**Task to carry out:**
After dropping the pictures, give again exactly the lines of the data from its first line through the line with "2019年3月22日下午4点", which is included as well.
*** Given entries
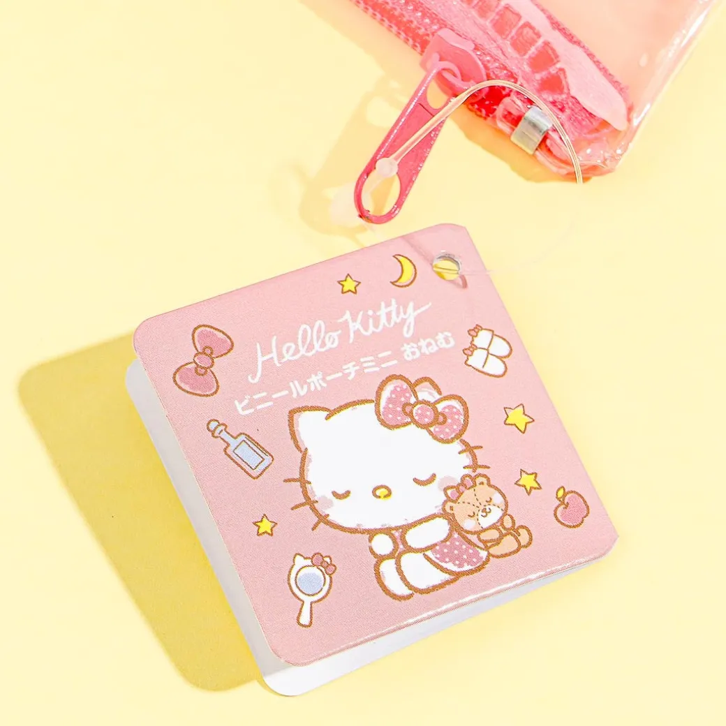 Keep your small accessories inside this super cute mini pouch! Its clear design showcases a print of Hello Kitty sleeping beside her best friend.
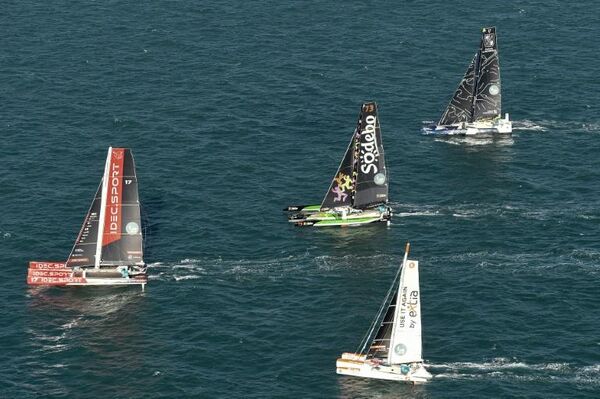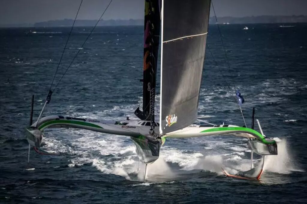 | Le multicoque Sodebo du navigateur français Thomas Coville au départ de l'Ultim Challenge le 7 janvier à Brest. |
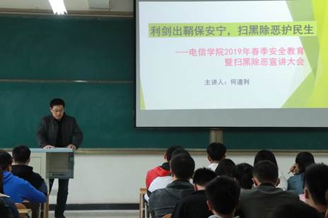 2019年3月22日下午4点,欧冠官方网站团总支于1305教室开展了2019年春季安全教育暨扫黑除恶宣讲活动。参加此次活动的有欧冠投注官网入口党总支书记何道利、团总支书记陈浩以及欧冠投注官网入口全体学生干部。
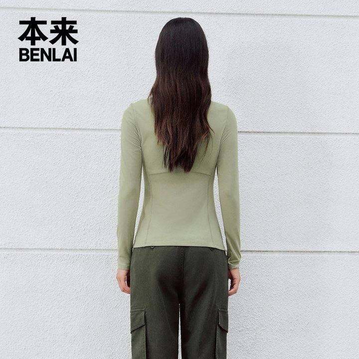 本来BENLAI女士高领针织T恤2024秋冬新款内搭修身打底衫长袖上衣
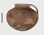 | Description: | Many fragments missing; no trace of handle remains. Restored in plaster. Round bottom; thickened, slightly flaring lip. Gritty brown clay; handmade. | |
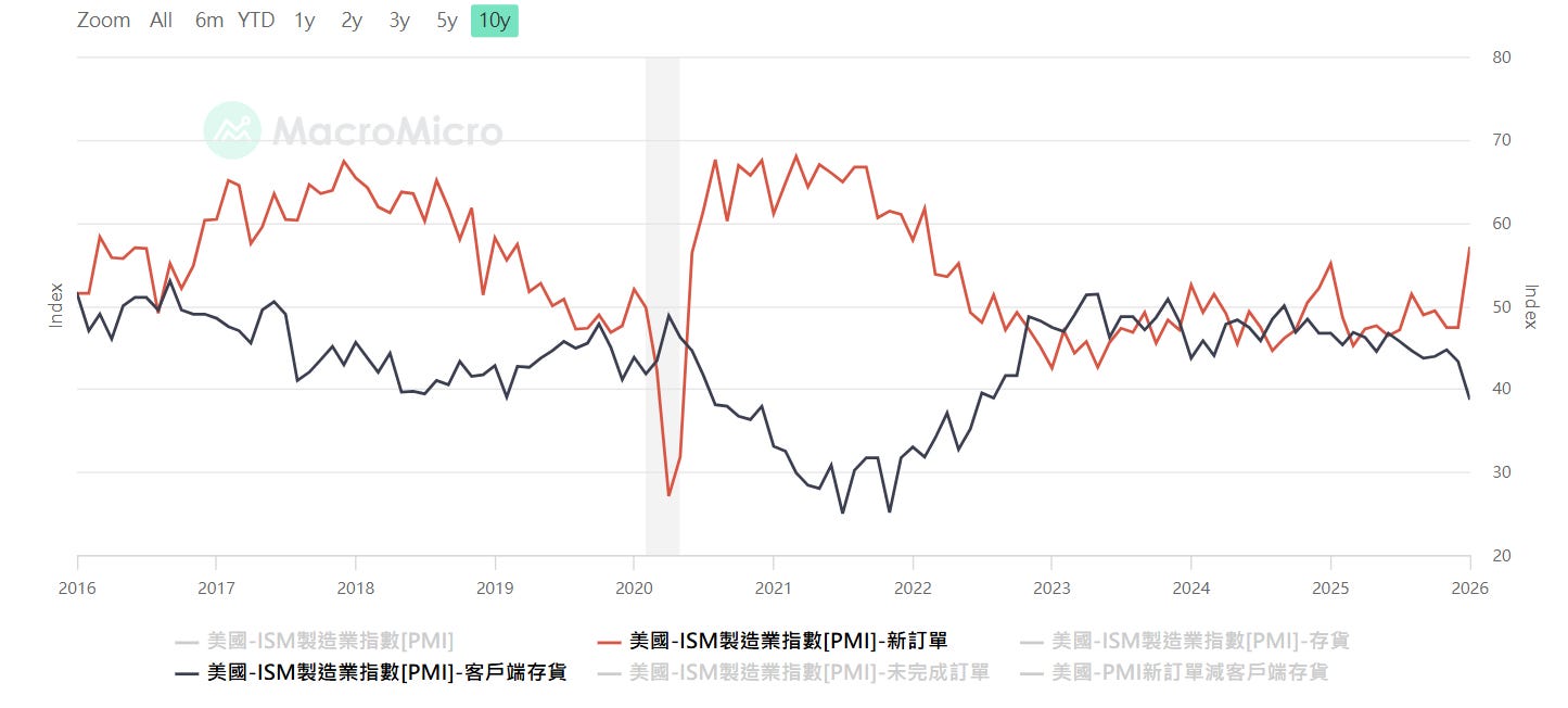 美國PMI新訂單,資料來源:MacroMicro 財經M平方,看「新訂單指數減客戶端庫存 (New Order - Customer’s inventory)」,透過這個相減指數,去抓客戶回補庫存的時機點,這才能跟上股市的 EPS 上修預期(參考美股韭菜王)。
******
**Exercise output:**
 Keep your small accessories inside this super cute mini pouch! Its clear design showcases a print of Hello Kitty sleeping beside her best friend.
 | Le multicoque Sodebo du navigateur français Thomas Coville au départ de l'Ultim Challenge le 7 janvier à Brest. |
 2019年3月22日下午4点,欧冠官方网站团总支于1305教室开展了2019年春季安全教育暨扫黑除恶宣讲活动。参加此次活动的有欧冠投注官网入口党总支书记何道利、团总支书记陈浩以及欧冠投注官网入口全体学生干部。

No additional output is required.